After the download process is done, choose 2 pdf files and extract any table from files into an excel file.
For each task, separate python script was created. Each of them is configurable through provided CLI interface.
-
Clone this git repository
git clone git@github.com:mlobacz/oneclick-lca-assignment.git
-
Change into projects root directory.
cd oneclick-lca-assignment -
Create and activate new virtual environment
python3 -m venv .venv source .venv/bin/activate -
Install python package with the scripts
pip install --upgrade pip pip install . --no-cache-dir (last flag is optional, but may be needed in case of issues with dependecies)
-
(OPTIONAL) At this moment, both scraping and extracting pfds should work fine. Extracting tables however, may need some extra dependecies.

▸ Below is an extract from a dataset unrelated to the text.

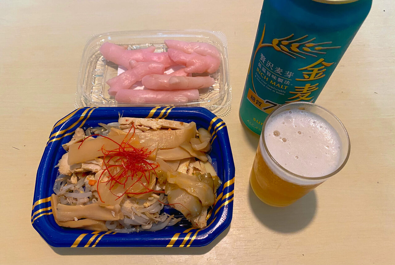 半額お惣菜でキッチン立ち飲みしながら明日以降のご飯のちょっとした仕込み。

If necessary check the details in camelot documentation.
- For Ubuntu
apt install ghostscript python3-tk
- For MacOS
brew install ghostscript tcl-tk
-
To scrape PDF files from GreenBookLive search results run:
python3 scripts/scrape_greenbooklive.py
Scraping will be executed in threads with default URL (given in the task definition) and results will be saved in the location where script was run from, preserving directory structure present on the web page.
However, custom URL may be also provided with the use of
--urlargument (some chars like = or ? need to be escaped), for example for page with different search parameters.python3 scripts/scrape_greenbooklive.py --url https://www.greenbooklive.com/search/companysearch.jsp\?partid\=10028\§ionid\=0\&companyName\=\&productName\=\&productType\=\&certNo\=\®ionId\=0\&countryId\=0\&addressPostcode\=\&certBody\=\&id\=260\&sortResultsComp\=
-
To extract tables from some PDF file run:
python3 scripts/extract_table.py [relative_path_to_pdf] [comma delimited numbers of pages with tables] [accuracy(optional)]
for example below commands will extract tables from all pages of
pdfdocs/mrepd/R00024.pdfandpdfdocs/mrepd/R00025.pdffiles with default accuracy of 95.python3 scripts/extract_table.py pdfdocs/mrepd/R00024.pdf all python3 scripts/extract_table.py pdfdocs/mrepd/R00025.pdf all
for help (like example page values) type:
python3 scripts/extract_table.py -h
-
Create and activate new virtual environment (if not created already)
python3 -m venv .venv source .venv/bin/activate -
Install pip-tools
pip install --upgrade pip pip install pip-tools
-
Install python requirements
pip-sync requirements.txt dev-requirements.txt
-
You may want to check the code quality:
mypy scripts pylint scripts